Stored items
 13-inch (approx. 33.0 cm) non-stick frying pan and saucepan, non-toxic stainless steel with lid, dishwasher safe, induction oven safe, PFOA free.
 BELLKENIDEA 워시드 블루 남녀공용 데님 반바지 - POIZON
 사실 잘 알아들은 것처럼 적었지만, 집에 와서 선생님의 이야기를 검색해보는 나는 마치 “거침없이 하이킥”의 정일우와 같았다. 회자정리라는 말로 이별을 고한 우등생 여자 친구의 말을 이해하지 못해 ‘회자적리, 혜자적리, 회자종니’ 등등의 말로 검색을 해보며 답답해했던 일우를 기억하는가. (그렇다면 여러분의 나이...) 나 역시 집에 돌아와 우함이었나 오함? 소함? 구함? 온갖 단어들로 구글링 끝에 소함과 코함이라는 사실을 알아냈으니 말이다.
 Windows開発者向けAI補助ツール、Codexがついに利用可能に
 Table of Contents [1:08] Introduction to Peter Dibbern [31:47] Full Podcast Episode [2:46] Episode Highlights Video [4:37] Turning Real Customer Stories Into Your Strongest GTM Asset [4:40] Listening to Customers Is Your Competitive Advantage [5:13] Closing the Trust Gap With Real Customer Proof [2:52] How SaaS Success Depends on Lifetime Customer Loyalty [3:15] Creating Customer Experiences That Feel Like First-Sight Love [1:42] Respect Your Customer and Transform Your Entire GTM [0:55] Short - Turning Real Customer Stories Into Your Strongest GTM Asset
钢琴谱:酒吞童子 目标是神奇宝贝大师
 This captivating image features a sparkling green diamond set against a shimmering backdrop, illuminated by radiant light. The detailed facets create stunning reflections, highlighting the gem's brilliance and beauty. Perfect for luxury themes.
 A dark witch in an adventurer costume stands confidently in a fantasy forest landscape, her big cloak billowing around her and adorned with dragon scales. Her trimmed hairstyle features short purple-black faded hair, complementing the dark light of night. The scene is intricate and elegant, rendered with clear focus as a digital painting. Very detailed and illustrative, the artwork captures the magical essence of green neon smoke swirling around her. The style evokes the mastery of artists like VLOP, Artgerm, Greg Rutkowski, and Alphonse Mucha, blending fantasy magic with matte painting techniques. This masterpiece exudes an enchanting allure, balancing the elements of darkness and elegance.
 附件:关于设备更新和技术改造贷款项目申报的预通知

TASK REQUIREMENTS: All records should be returned verbatim, none left out.

SOLUTION TO THIS TASK:
 13-inch (approx. 33.0 cm) non-stick frying pan and saucepan, non-toxic stainless steel with lid, dishwasher safe, induction oven safe, PFOA free.
 BELLKENIDEA 워시드 블루 남녀공용 데님 반바지 - POIZON
 사실 잘 알아들은 것처럼 적었지만, 집에 와서 선생님의 이야기를 검색해보는 나는 마치 “거침없이 하이킥”의 정일우와 같았다. 회자정리라는 말로 이별을 고한 우등생 여자 친구의 말을 이해하지 못해 ‘회자적리, 혜자적리, 회자종니’ 등등의 말로 검색을 해보며 답답해했던 일우를 기억하는가. (그렇다면 여러분의 나이...) 나 역시 집에 돌아와 우함이었나 오함? 소함? 구함? 온갖 단어들로 구글링 끝에 소함과 코함이라는 사실을 알아냈으니 말이다.
 Windows開発者向けAI補助ツール、Codexがついに利用可能に
 Table of Contents [1:08] Introduction to Peter Dibbern [31:47] Full Podcast Episode [2:46] Episode Highlights Video [4:37] Turning Real Customer Stories Into Your Strongest GTM Asset [4:40] Listening to Customers Is Your Competitive Advantage [5:13] Closing the Trust Gap With Real Customer Proof [2:52] How SaaS Success Depends on Lifetime Customer Loyalty [3:15] Creating Customer Experiences That Feel Like First-Sight Love [1:42] Respect Your Customer and Transform Your Entire GTM [0:55] Short - Turning Real Customer Stories Into Your Strongest GTM Asset
钢琴谱:酒吞童子 目标是神奇宝贝大师
 This captivating image features a sparkling green diamond set against a shimmering backdrop, illuminated by radiant light. The detailed facets create stunning reflections, highlighting the gem's brilliance and beauty. Perfect for luxury themes.
 A dark witch in an adventurer costume stands confidently in a fantasy forest landscape, her big cloak billowing around her and adorned with dragon scales. Her trimmed hairstyle features short purple-black faded hair, complementing the dark light of night. The scene is intricate and elegant, rendered with clear focus as a digital painting. Very detailed and illustrative, the artwork captures the magical essence of green neon smoke swirling around her. The style evokes the mastery of artists like VLOP, Artgerm, Greg Rutkowski, and Alphonse Mucha, blending fantasy magic with matte painting techniques. This masterpiece exudes an enchanting allure, balancing the elements of darkness and elegance.
 附件:关于设备更新和技术改造贷款项目申报的预通知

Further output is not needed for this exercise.